Exercise instructions: Exactly and only the lines below from the one containing "9月28日,天水市助推全市經" down to the one containing "扶養親族が以下に該当する場合" are wanted, both included; please exclude every picture.
--- The data ---
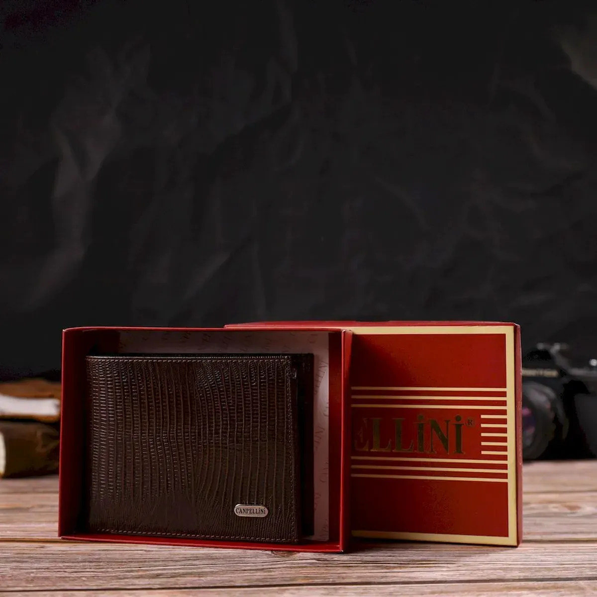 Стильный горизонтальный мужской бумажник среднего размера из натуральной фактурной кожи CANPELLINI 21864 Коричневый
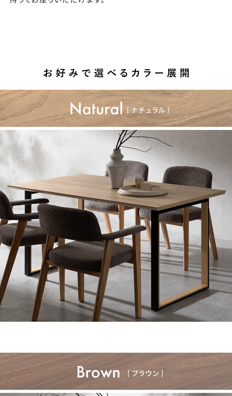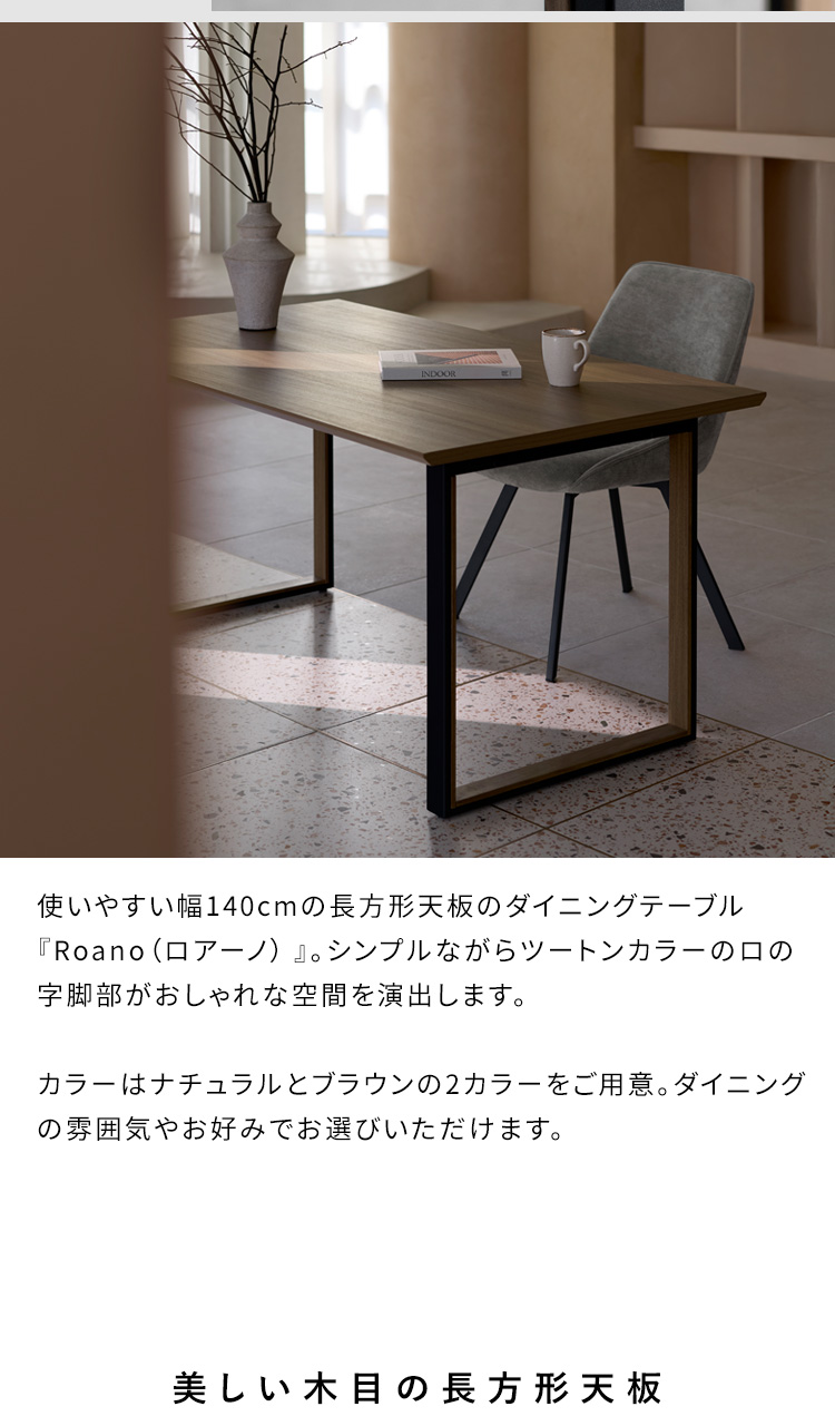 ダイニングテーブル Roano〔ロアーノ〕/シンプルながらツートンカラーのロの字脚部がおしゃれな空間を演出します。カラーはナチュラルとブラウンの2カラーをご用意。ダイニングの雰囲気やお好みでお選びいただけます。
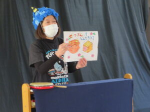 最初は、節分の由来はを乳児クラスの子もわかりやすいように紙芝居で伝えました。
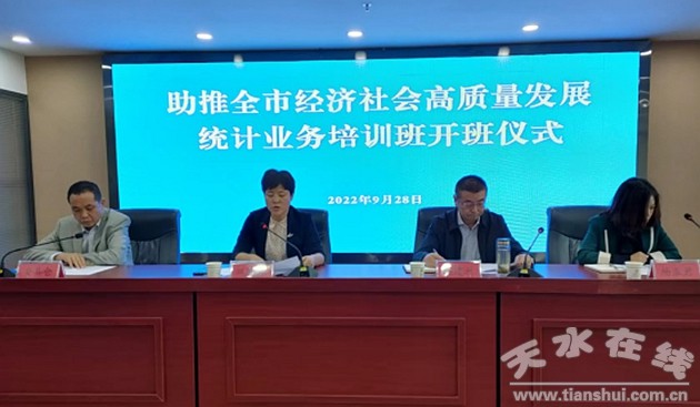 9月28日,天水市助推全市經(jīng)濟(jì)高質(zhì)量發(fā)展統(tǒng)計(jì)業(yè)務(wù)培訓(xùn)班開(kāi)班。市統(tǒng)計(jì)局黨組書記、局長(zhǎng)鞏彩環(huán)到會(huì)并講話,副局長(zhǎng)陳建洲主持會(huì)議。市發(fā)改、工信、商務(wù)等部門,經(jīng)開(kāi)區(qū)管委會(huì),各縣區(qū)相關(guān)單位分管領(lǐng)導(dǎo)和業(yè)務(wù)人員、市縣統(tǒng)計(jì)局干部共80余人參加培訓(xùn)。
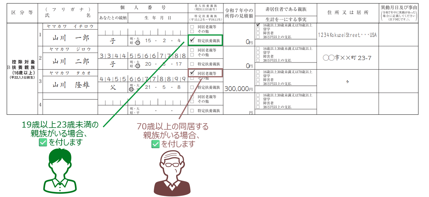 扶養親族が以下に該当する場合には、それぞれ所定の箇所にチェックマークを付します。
---
--- The data ---
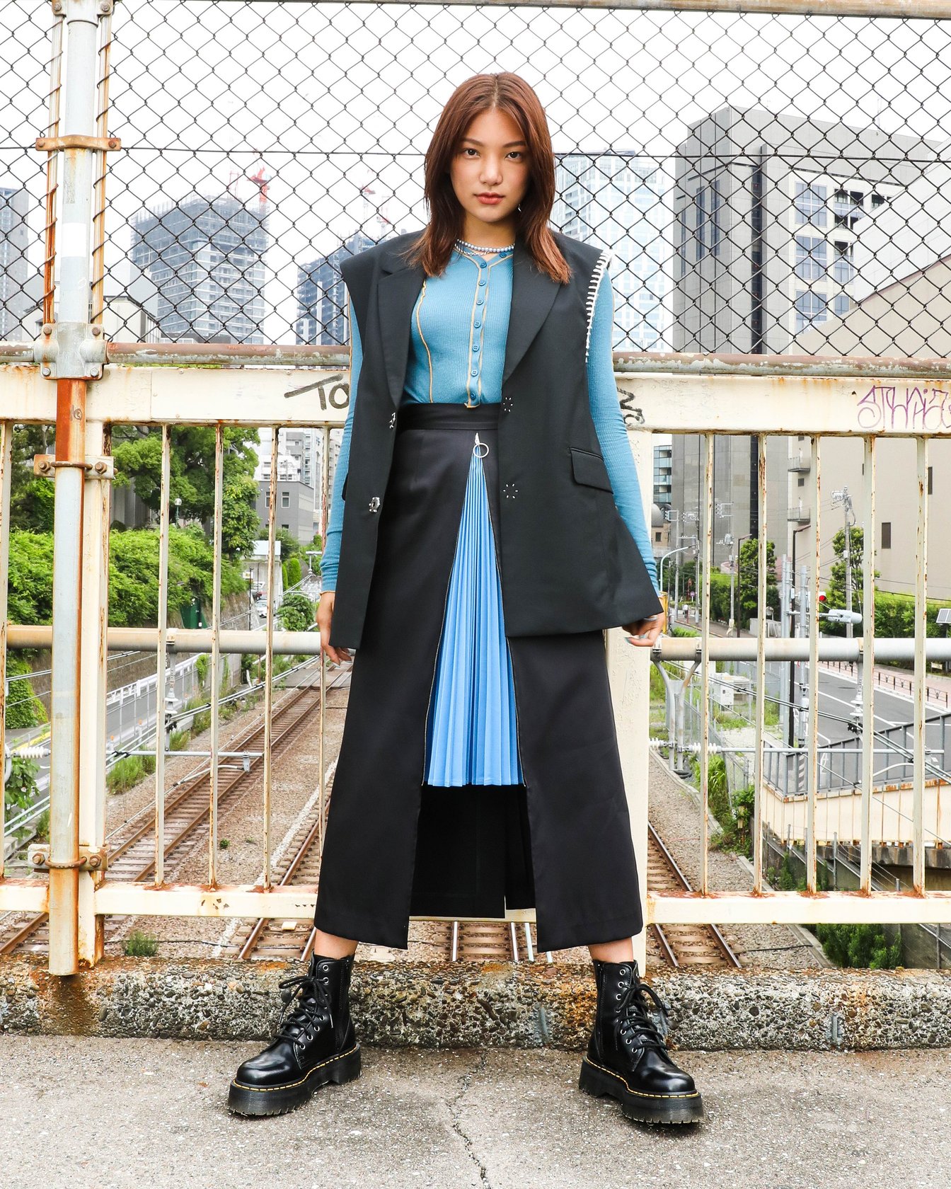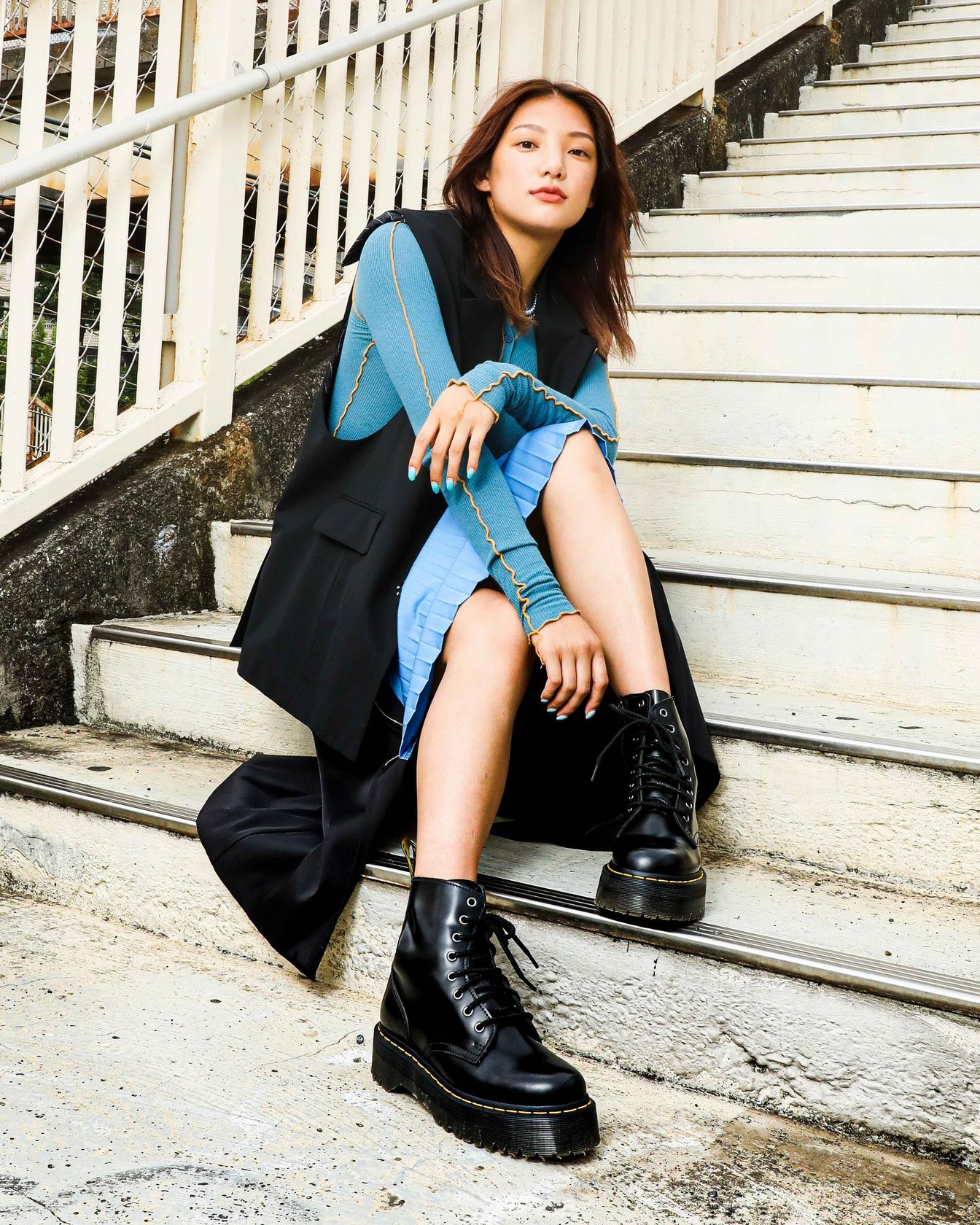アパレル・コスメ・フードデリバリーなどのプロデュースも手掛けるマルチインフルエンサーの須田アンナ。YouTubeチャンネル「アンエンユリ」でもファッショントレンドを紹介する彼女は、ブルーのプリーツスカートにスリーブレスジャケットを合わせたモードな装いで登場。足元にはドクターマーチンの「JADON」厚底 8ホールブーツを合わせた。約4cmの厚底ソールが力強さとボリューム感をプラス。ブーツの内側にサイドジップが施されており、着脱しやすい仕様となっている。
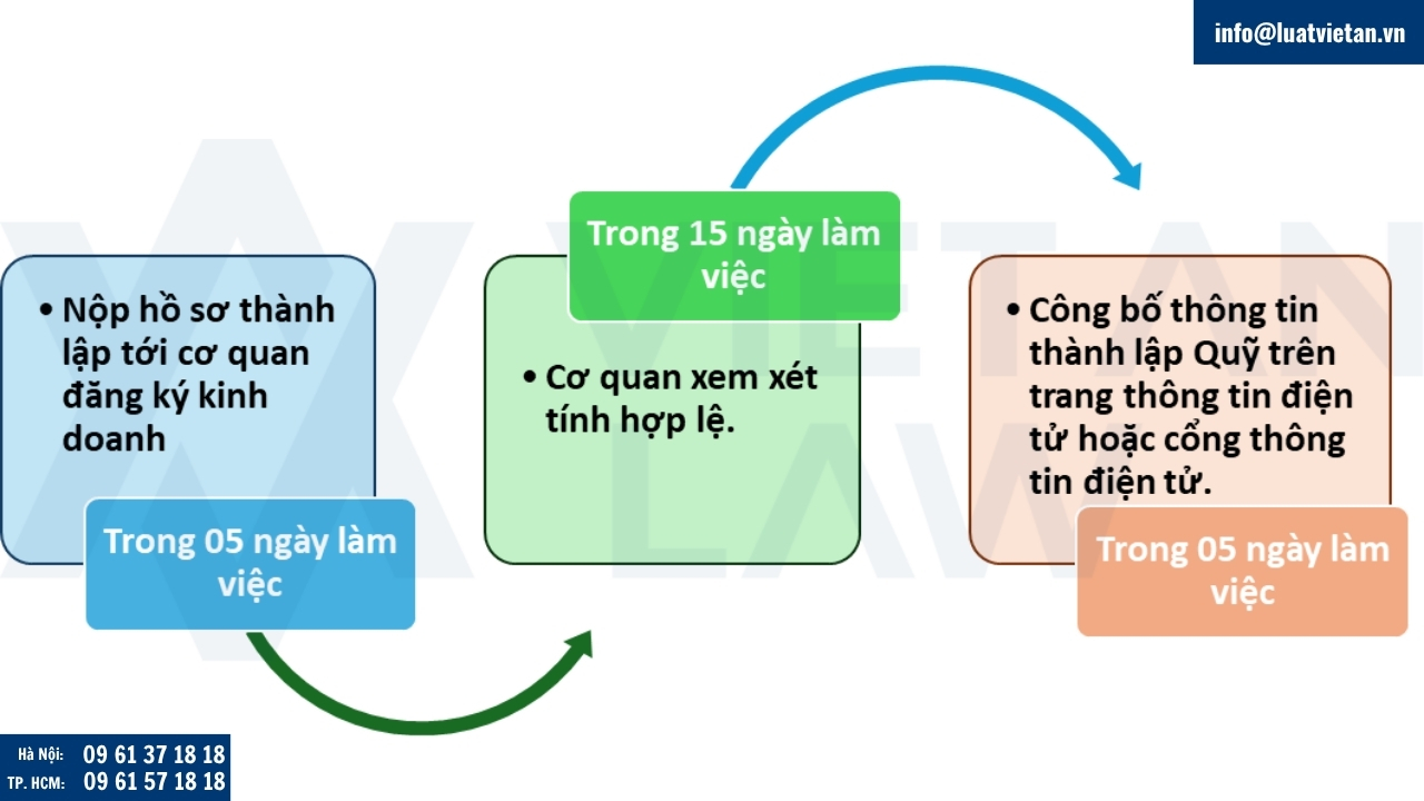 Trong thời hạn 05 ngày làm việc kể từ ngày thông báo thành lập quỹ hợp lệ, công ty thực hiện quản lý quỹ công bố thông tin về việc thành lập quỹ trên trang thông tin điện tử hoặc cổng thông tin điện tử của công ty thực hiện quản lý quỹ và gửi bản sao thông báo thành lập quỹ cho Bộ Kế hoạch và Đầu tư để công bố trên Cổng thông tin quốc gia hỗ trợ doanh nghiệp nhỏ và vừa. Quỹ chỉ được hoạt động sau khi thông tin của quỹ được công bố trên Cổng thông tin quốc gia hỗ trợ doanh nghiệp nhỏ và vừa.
---
--- The data ---
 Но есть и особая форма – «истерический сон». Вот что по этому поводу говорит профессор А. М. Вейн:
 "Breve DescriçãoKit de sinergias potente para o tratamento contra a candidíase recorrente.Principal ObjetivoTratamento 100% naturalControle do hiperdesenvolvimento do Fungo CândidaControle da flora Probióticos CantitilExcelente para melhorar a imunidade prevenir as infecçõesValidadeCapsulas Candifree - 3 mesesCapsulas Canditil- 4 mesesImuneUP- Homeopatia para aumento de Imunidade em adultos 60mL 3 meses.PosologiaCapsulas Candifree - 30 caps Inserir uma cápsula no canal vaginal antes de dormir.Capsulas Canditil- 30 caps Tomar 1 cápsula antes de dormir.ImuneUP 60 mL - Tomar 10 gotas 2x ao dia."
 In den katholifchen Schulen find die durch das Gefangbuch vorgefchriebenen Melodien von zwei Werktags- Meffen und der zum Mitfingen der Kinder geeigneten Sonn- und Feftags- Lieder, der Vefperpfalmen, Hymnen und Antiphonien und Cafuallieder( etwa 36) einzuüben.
---
Exercise result:
 9月28日,天水市助推全市經(jīng)濟(jì)高質(zhì)量發(fā)展統(tǒng)計(jì)業(yè)務(wù)培訓(xùn)班開(kāi)班。市統(tǒng)計(jì)局黨組書記、局長(zhǎng)鞏彩環(huán)到會(huì)并講話,副局長(zhǎng)陳建洲主持會(huì)議。市發(fā)改、工信、商務(wù)等部門,經(jīng)開(kāi)區(qū)管委會(huì),各縣區(qū)相關(guān)單位分管領(lǐng)導(dǎo)和業(yè)務(wù)人員、市縣統(tǒng)計(jì)局干部共80余人參加培訓(xùn)。
 扶養親族が以下に該当する場合には、それぞれ所定の箇所にチェックマークを付します。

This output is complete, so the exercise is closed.